The validity of the common stock being offered by this prospectus will be passed upon for us by Cooley LLP, San Diego, California.

EXPERTS

Ernst & Young LLP, independent registered public accounting firm, has audited our consolidated financial statements included in our Annual Report on Form 10-K for the year ended December 31, 2021, and the effectiveness of our internal control over financial reporting as of December 31, 2021, as set forth in their reports, which are incorporated by reference in this prospectus and elsewhere in the registration statement.
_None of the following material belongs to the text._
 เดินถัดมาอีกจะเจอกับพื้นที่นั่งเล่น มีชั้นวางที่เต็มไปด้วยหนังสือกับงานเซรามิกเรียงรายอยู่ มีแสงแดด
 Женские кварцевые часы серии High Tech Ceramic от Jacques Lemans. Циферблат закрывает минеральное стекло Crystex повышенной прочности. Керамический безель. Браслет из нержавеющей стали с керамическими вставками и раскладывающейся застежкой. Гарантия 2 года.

Our financial statements are incorporated by reference in reliance on Ernst & Young LLP’s reports, given on their authority as experts in accounting and auditing.
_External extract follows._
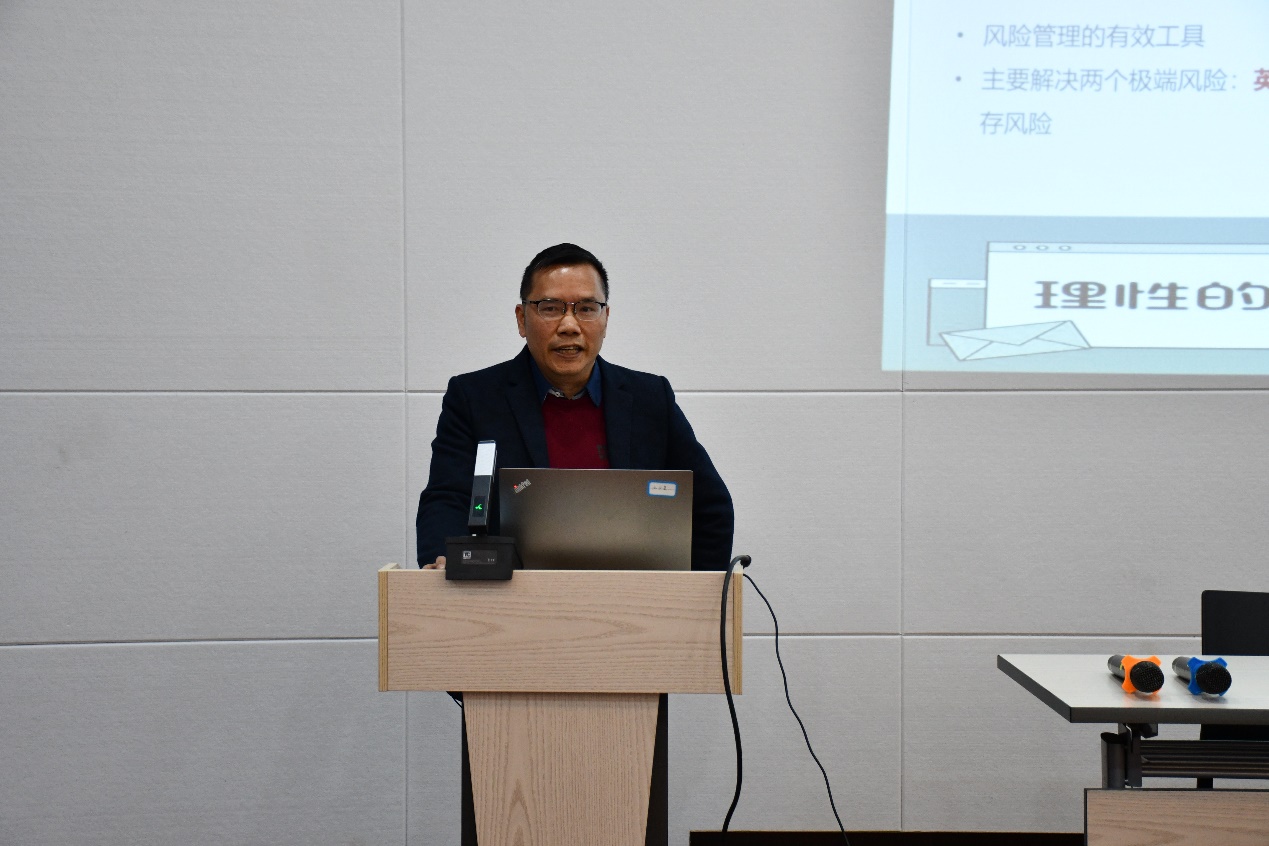 邓庆彪副教授以《保险学原理课程思政探索与实践》为主题,介绍了课程本质、课程思政教师思政能力的培养、课程思政实践元素,通过运用行业大赛、教育部产学研协同育人项目、省教改项目、省创新创业教育基础项目将课堂教学延伸到实践教学,将教学教革与课程思政整合,强调了课程理论和课程实践应相契合。未来也将建立课程思政案例库、保险职业相关数字视频资源库等,为申报省级、国家级课程思政示范课程打下坚实基础。

WHERE YOU CAN FIND MORE INFORMATION

We are a reporting company and we file annual, quarterly and current reports, proxy statements and other information with the SEC. We have filed with the SEC a registration statement under the Securities Act with respect to the common stock offered hereby. This prospectus, which constitutes a part of the registration statement, does not contain all of the information set forth in the registration statement or the exhibits which are part of the registration statement. For further information with respect to us and the common stock offered by this prospectus, we refer you to the registration statement and the exhibits filed as part of the registration statement. Our SEC filings are available to the public from the SEC’s website at www.sec.gov. We maintain a website at www.acadia-pharm.com. The information contained in, or that can be accessed through, our website is not part of this prospectus.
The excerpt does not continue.